In addition to the mentioned main annotation hosts, a number of annotation tools are available partly giving reliability scores, and some that integrate different sources. For example PRIAM  predicts enzyme functions based on sets of sequence profiles that have been computed for the entries of the ENZYME database, being an annotation source that may be integrated in a future version of EnzymeDetector. EFICAZ [13, 14] is also based on residue patterns. It can be obtained as a stand-alone tool or accessed via a web interface. With EFICAZ it is possible to integrate annotation data from an external source. But only the data of the KEGG database can be integrated and no other sources.
Yang et al.  suggested an annotation confidence score based on sequence comparisons with some reference organisms. The tool presented by Chitale et al. . delivers an annotation and a corresponding reliability score. As a serious drawback the user has to analyse the sequences one by one.

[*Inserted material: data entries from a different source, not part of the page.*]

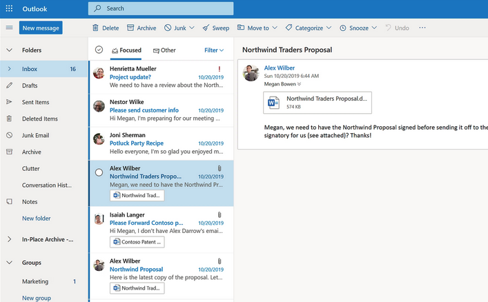 - Postfachzugriff auch via Webmail mit Web-Outlook, der herausragenden browserbasierten Oberfläche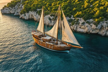 Rustic Wooden Sailboat Gliding Through a Tranquil Croatian Bay at Golden Sunset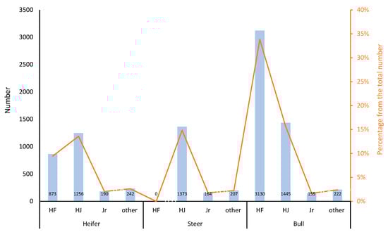The average number of traditional finished heifer, steer, and bull across dam breed types in the ABM (left axis, blue bars) and percentage from the total number (right axis, orange line); HF: Holstein-Friesian; HJ: Holstein-Friesian–Jersey cross, Jr: Jersey and other cattle.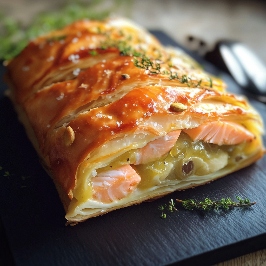 Savourez cette recette élégante de feuilleté alliant saumon et poireaux pour un apéritif savoureux qui ravira vos invités. Ce plat combine des saveurs délicates et une texture croustillante, parfait pour toute occasion.
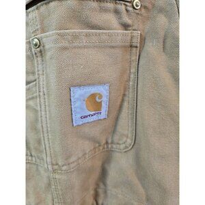 Carhartt bib overalls, size 34x34 with the double knee. Brown in color. They are in good used condition, some stains and a bit of wear on the bottom hems but no rips or tears. Please see pictures for condition details.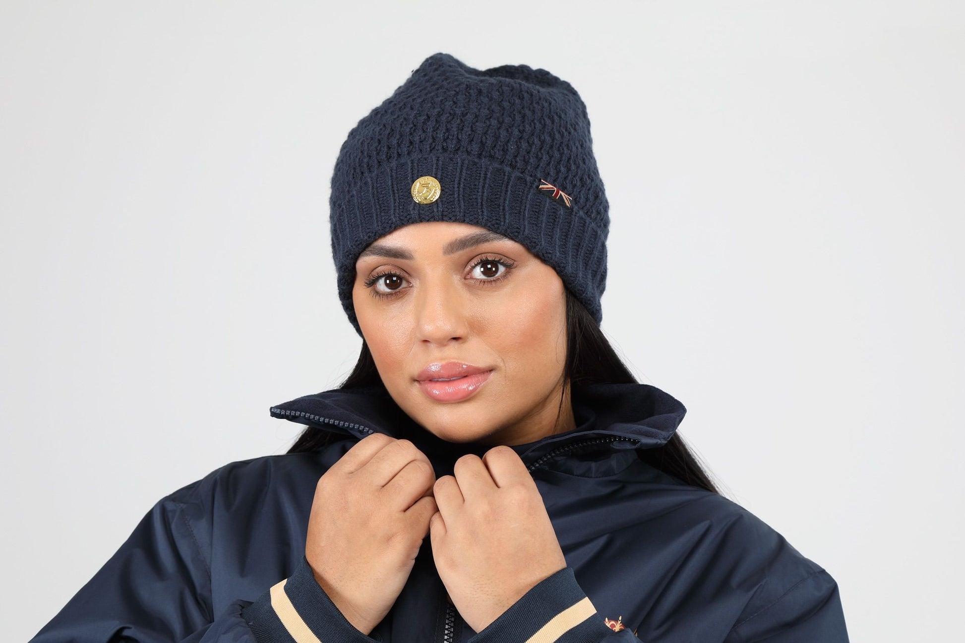 Knitted Aubrion Team beanie, the cold weather hat that insulates with a sense of style. A soft, lightweight knit with turn up hem, Aubrion Team badge and union jack trim.

Within Apollo  and the UCSC Genome Browser database  it is possible to integrate annotation sources, but only with respect to the genomic positions of the genes and not on the available function predictions.
In order to easily access function annotations, life scientists currently have the choice between two different procedures. They either use one of the databases and may have to accept a serious loss of accuracy, or they manually compare different annotations. By selecting one data source, the result depends, among other factors, on the update cycle of the annotation host. Especially for the construction of metabolic models, the accuracy of the model strongly depends on the quality of the primary resources and the gene function prediction . Even one missing enzyme function can be highly critical, because it might have a great impact on the whole model. As stated by Schnoes et. al., the annotation errors in public databases are a problem that should not be underestimated, since these errors are propagated over time . In the manual evaluation of discrepancies between the sources, the scientist has no clear criteria for decision. In order to solve this problem and to give the scientist a fast overview, specialised tools that annotate, integrate, and mine the available information, are necessary .

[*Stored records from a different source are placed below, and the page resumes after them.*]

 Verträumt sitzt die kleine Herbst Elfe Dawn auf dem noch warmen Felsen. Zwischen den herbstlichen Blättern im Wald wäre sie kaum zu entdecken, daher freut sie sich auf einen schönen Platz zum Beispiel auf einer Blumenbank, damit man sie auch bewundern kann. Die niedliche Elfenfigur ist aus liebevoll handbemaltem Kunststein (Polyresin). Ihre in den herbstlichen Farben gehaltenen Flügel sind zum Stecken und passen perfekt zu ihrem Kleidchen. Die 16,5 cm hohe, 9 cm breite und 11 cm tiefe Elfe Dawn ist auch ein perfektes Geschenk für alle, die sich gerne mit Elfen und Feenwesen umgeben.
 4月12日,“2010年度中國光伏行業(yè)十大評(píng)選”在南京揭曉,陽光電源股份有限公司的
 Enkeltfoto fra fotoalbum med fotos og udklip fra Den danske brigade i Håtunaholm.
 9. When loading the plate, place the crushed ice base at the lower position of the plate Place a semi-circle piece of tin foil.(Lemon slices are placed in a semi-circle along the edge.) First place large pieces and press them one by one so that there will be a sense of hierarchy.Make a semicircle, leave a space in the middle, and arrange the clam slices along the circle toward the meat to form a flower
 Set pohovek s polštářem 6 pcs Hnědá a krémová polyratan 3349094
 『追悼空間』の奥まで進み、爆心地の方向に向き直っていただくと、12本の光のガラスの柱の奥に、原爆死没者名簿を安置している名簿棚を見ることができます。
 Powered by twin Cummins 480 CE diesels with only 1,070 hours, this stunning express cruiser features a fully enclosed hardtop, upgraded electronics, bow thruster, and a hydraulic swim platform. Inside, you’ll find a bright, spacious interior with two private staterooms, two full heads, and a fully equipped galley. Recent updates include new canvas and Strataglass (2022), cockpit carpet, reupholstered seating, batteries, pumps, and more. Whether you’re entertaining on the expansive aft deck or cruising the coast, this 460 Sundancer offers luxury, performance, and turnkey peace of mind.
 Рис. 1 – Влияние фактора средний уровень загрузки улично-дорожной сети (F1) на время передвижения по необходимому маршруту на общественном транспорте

For this purpose, the program EnzymeDetector was created. It includes a reasonable and comprehensible scoring scheme, and combines the information of the major databases, a frequently updated BLAST-based annotation, and a sequence pattern search. It provides the possibility to obtain a fast overview of the possible annotations for each gene and additional help to distinguish between their qualities. The advantage over previously described tools is given by the fact that the scientist does not have to manually analyse single sequences, but has the data for the whole genome pre-calculated in a database. Furthermore the database is easily accessible and can be downloaded. Although a background knowledge of functional annotation is very helpful, the tool EnzymeDetector can even be used by life scientists, not familiar with bioinformatics.
Construction and content
We used nine different prokaryotic genomes as training data to determine optimal thresholds and default values. The statistics shown in this manuscript were done for those organisms as well. The nine organisms are Corynebacterium glutamicum ATCC13032, Dinoroseobacter shibae DFL12, Escherichia coli K12 MG1655, Pseudomonas aeruginosa PAO1, Pseudomonas putida KT2440, Sulfolobus solfataricus P2, Thermus thermophilus HB27, Yersinia pseudotuberculosis IP32953 and Yersinia pseudotuberculosis YPIII.

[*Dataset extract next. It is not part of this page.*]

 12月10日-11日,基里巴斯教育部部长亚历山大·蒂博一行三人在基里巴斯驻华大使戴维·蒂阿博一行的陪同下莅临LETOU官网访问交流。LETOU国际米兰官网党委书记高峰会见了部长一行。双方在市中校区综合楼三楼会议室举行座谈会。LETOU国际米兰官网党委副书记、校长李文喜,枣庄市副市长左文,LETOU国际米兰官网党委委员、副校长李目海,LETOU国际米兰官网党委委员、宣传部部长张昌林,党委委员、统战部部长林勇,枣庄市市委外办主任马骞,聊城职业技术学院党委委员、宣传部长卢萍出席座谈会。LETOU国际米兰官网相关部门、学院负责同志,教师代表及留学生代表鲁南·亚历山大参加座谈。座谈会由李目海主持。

As a first step, the program collects and stores enzyme function annotations from different databases. Currently, the program uses data from NCBI, KEGG, PEDANT, a database specialised on Sulfolobus , the Pseudomonas Genome Database V2, and the annotation data found in Swiss-Prot . The annotation of other databases can easily be added by including a respective parser.
Additional annotation via a self-performed BLAST search against UniProtKB
As a second step, the program performs a BLAST analysis using all protein sequences of the organism as input sequences. The version 2.2.25 of the NCBI BLAST algorithm  is used. The search is performed against all protein sequences of the UniProt database . The resulting hits are automatically evaluated, yielding the BLAST-based annotation.
The completeness of the Enzyme Commission numbers (EC numbers): Incomplete EC numbers are ignored if other hits with complete EC numbers exist for the respective gene, because the necessary information on substrate specificity is not contained in incomplete EC numbers.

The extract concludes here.